How to do in linear time?

I can do it in O(n*m).

To find each of the output , scan the input and find the total number of people in given time. That takes O(n*m) n = size of input , m = size of output

Upvotes: 1

Views: 56

Answers (2)

Matt Timmermans
Matt Timmermans

Reputation: 59253

The trick for doing this in O(n+m) time is:

  1. Find the size of the output array required (O(n) time)
  2. Allocate the out array and fill it with zeros (O(m) time)
  3. For each [a,b] in the input, out[a]+=1; out[b+1]-=1 (O(n) time)
  4. Replace each element in the output with the cumulative sum of all elements up to that point. (O(m) time). For example for (int i=1; i<out.length; ++i) out[i]+=out[i-1];

Upvotes: 1

Gene
Gene

Reputation: 46990

The obvious algorithm does pretty well:

def schedule(spans):
  s = [0] * max(map(max, spans))
  for lo, hi in spans:
    for t in range(lo - 1, hi):
      s[t] += 1
  return s

print str(schedule([[12, 14],[12,15],[14,16],[13,15]]))
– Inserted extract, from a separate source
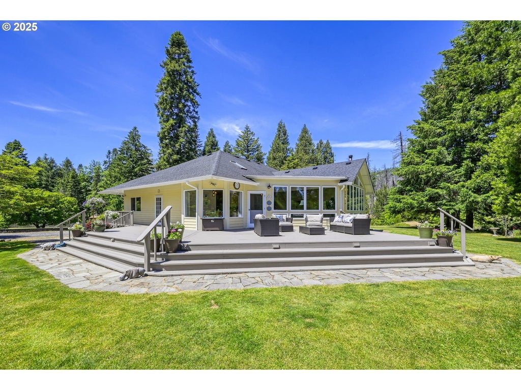 Experience The Island Life, Oregon Style! This rare 1.32-acre riverfront retreat boasts 836 feet of rushing whitewater frontage along the McKenzie River—destined to become someone’s dream home.The single-level showplace has been fully renovated from top to bottom, designed to capture the beauty of its surroundings. Expansive windows flood the interior with natural light while framing breathtaking views of the river, majestic mountains, and the historic Belknap Covered Bridge. Step outside to a wraparound deck system that makes outdoor living as captivating as the indoors. A detached oversized two-car garage with covered RV parking also includes a clever 500+ sq. ft. man-cave perfect for hobbies, guests, or retreat space. The landscaped grounds are just as impressive, featuring a picturesque pond, a wide-open lawn, and a gazebo ideal for gatherings both large and small.Recreation abounds with world-class rafting, hiking, and mountain biking just minutes away, Tokatee Golf Course nearby, and Hoodoo Ski Resort only 50 miles up the pass.

This is O(L + n) where L is the total length of all the spans and n is the size of the output.

Then:

$ python foo.py
[0, 0, 0, 0, 0, 0, 0, 0, 0, 0, 0, 2, 3, 4, 3, 1]

Now if you have many overlapping intervals, then you can use a 1d sweep line algorithm to calculate the result on O(n log n + m) time where n is the number intervals and m is the number of output time units.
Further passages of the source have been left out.